The governor’s race in Georgia is already one of the most closely watched in the nation, as a potential harbinger of the expected “blue wave” in 2018. Democrats haven’t held the office since Roy Barnes lost it in 2002, and winning it back is still a long shot. But the race remains notable for a couple of reasons.

The first is history. Over the course of the state’s 242 years since the Declaration of Independence, all 81 of its governors have been white men. This year, the Republican candidate for the open seat will be yet another white man, almost surely Lieutenant Governor Casey Cagle. Nothing about this monopoly by race and gender is unique, certainly not in the South. What’s special in Georgia is that both Democrats vying to challenge this year’s white man are women: Stacey Abrams and Stacey Evans. In fact, it may turn out that 2018 is only tangentially a year of Democrats rising, and primarily a year of women persisting.

In any case, Georgia’s Democrats vote on May 22, and both the polls and the early-voting pattern suggest Abrams will win. That shouldn’t be surprising: She was the minority leader in the State House of Representatives for the better part of a decade, has an impressive history working for voter registration, and has proved to be a strong fund-raiser.
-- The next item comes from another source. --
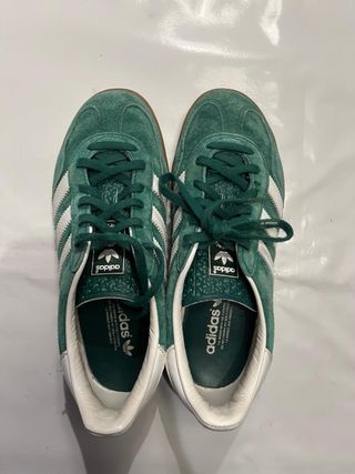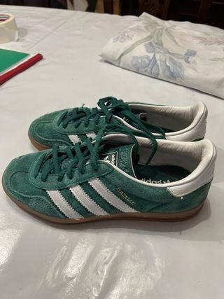 Zapatillas Adidas Gazelle en color verde con franjas blancas. Talla 36,5 En buen estado Muy cómodas y combinables, ideales para uso diario. Acepto ofertas Se vende por poco uso

Indeed, Abrams is the far better candidate by every fundamental measure save one: She’s not white. Abrams would be the first black woman to serve as a state governor in US history, and that fact means she had to challenge the party’s conventional wisdom on Southern politics.

From the start, Abrams was dogged by the insinuation that she can’t win in the general election. Even if this is true, it’s a silly point, given that no Democrat stands a terribly good chance at winning statewide in Georgia at the moment. Which actually points to the second notable thing about the race: Abrams is trying to rewrite the rules of Southern—or at least Georgian—politics, by making the electorate more closely reflect society at large. If she succeeds, she’ll teach progressives much about the future of American politics.

Political operatives like to talk math, and rightly so: Democracy boils down to a tally. My Nation colleague Joan Walsh has done some of the math already with her profile of Abrams in June 2017, but it bears repeating. As Abrams tells it, there are two schools of thought on Georgia for Democrats. The first, the old school, centers white power and is definitionally conservative, in that it holds tight to an outdated idea. Its heyday was arguably Bill Clinton’s Blue Dog reign, during which Democrats still took up to 40 percent of the white vote, at a time when white voters were more than 70 percent of the electorate. Combined with a strong share of black voters—who were about a quarter of the electorate, and were left to choose between a conservative Democrat and an openly racist Republican—this was enough for the Democrats to win consistently statewide.

This, essentially, is Evans’s campaign. It was Jon Ossoff’s as well, and Michelle Nunn’s and Jason Carter’s before them. Note the trend here: Every one of these candidates lost, despite all the hoopla about their potential to bring whites back to the Democratic fold in the South. As one operative put it, there’s something about the definition of insanity in this pattern.

The old-school math no longer adds up because Southern white people have grown steadily more uncomfortable with a pluralistic society. Republican demagogues have channeled that discomfort into racist populism—anti-immigrant, pro-greed, and resentful of the social safety net, all of which are proxy wars in the fight over a more diverse slicing of the American pie of opportunity. A sectional party not far off from the Confederacy has emerged on the right.

Meanwhile, white voters have also become less pivotal. And that’s the new-school math.

Barack Obama changed things. His 2008 run drove black Georgians up to 30 percent of the electorate, a huge shift that has been lasting, even in the midterms. Meanwhile, the number of Latinos, Asian Americans, and others who don’t identify as white has skyrocketed, from just over 3 percent of voters in 2004 to 11.5 percent in 2016. All of this adds up to a rapid decline in white voting power at the Georgia ballot box. By 2016, white voters were down to 60 percent of the electorate, matching their share of the population.

The trend lines will continue in these directions, because Obama wasn’t the only force for change. Black Americans, Latinos, and young whites have been pouring into the state, fueling Georgia’s population rise and its economic growth. So Abrams’s argument is basically this: Run more candidates like Obama and you’ll reach more new voters. Nor is this an argument for purely representational politics. Rather, it’s to say that a progressive political future in the South depends on turning out huge numbers of voters of color who already want to see that future, not chasing white voters who fear it.

Actually achieving the turnout needed to win is an expensive proposition—more like the money the Democrats spend in Virginia than what they’ve shelled out in the Deep South. It’ll demand more than mailers and TV ads; in Georgia, as in many other Southern states, you have to knock on doors and talk to people, which means traversing the spread-out rural areas beyond Atlanta. It will take a real investment—and “investment” is the right word for it. Abrams may not win in November; any Democrat will need an unprecedented turnout. But if you want a progressive majority in Georgia, or in any other so-called red state, you’ve got to do the work of building one.